YOUR GOAL:
Give the lines again exactly as they appear, from the first line of the listing through the line containing "佰草乐章有机葛根粉天然野生葛粉九华山特产中药材代餐粉食品500g", and omit every picture.

SOURCE DATA:
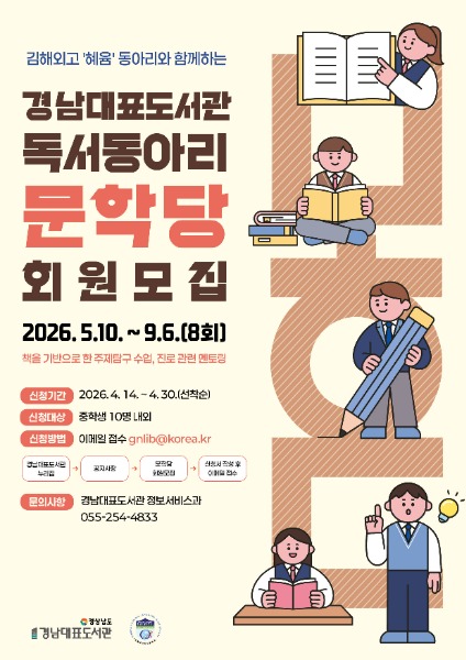 경남대표도서관(관장 강순익)은 김해외국어고등학교 교육나눔동아리 ‘혜윰’과 함께 도내 중학생 대상 독서동아리 ‘문학당’을 운영하고, 참여 학생을 4월 14일부터 30일까지 선착순 10명을 모집한다고 밝혔다.
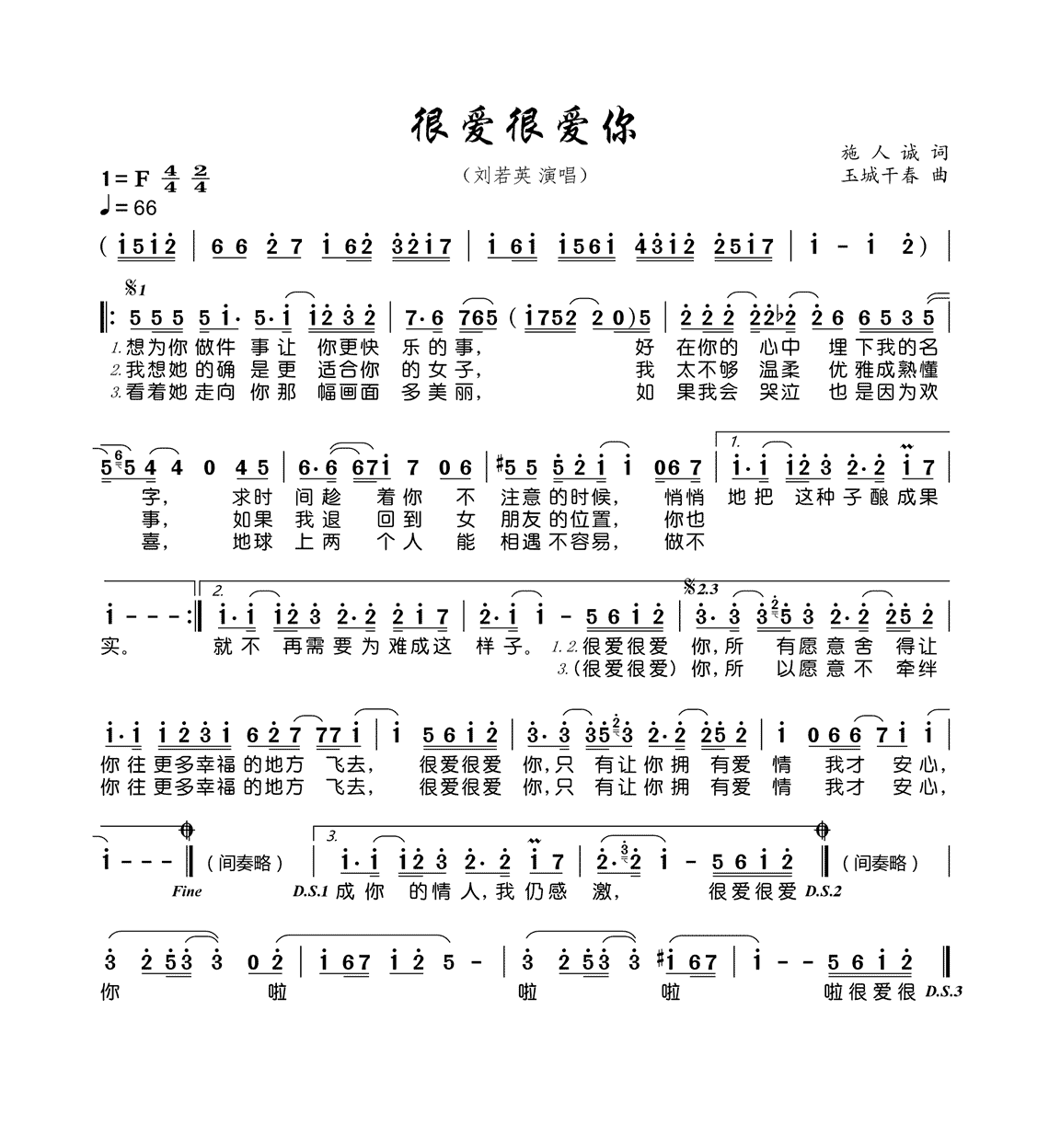 很爱很爱你_歌谱简谱_哆来咪123曲谱网
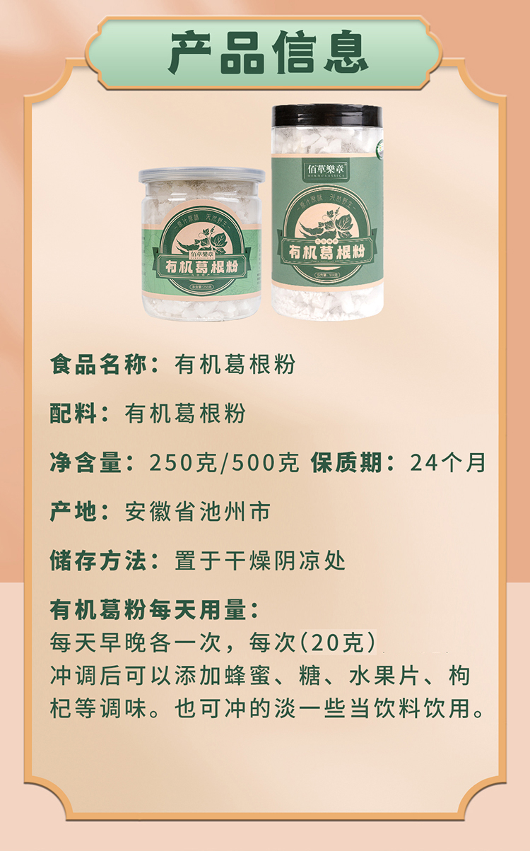 佰草乐章有机葛根粉天然野生葛粉九华山特产中药材代餐粉食品500g
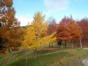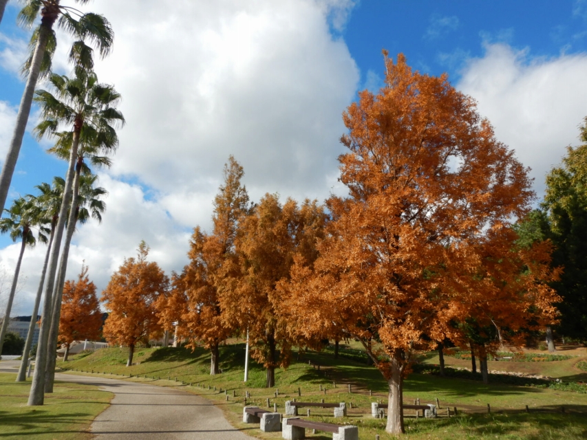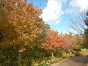 園内で美しく紅葉する樹木No.1はモミジバフウ(写真1枚目)だと思います。今とってもきれいですよ。東浦口ゲートと立体花壇「花火鳥」を結ぶ、池に沿ったルートがおススメです。例年はいまいちパッとしないポプラの丘の上段部(写真3・4枚目)あたりも、今年はきれいです。

SOLUTION FOR THIS PROBLEM:
 경남대표도서관(관장 강순익)은 김해외국어고등학교 교육나눔동아리 ‘혜윰’과 함께 도내 중학생 대상 독서동아리 ‘문학당’을 운영하고, 참여 학생을 4월 14일부터 30일까지 선착순 10명을 모집한다고 밝혔다.
 很爱很爱你_歌谱简谱_哆来咪123曲谱网
 佰草乐章有机葛根粉天然野生葛粉九华山特产中药材代餐粉食品500g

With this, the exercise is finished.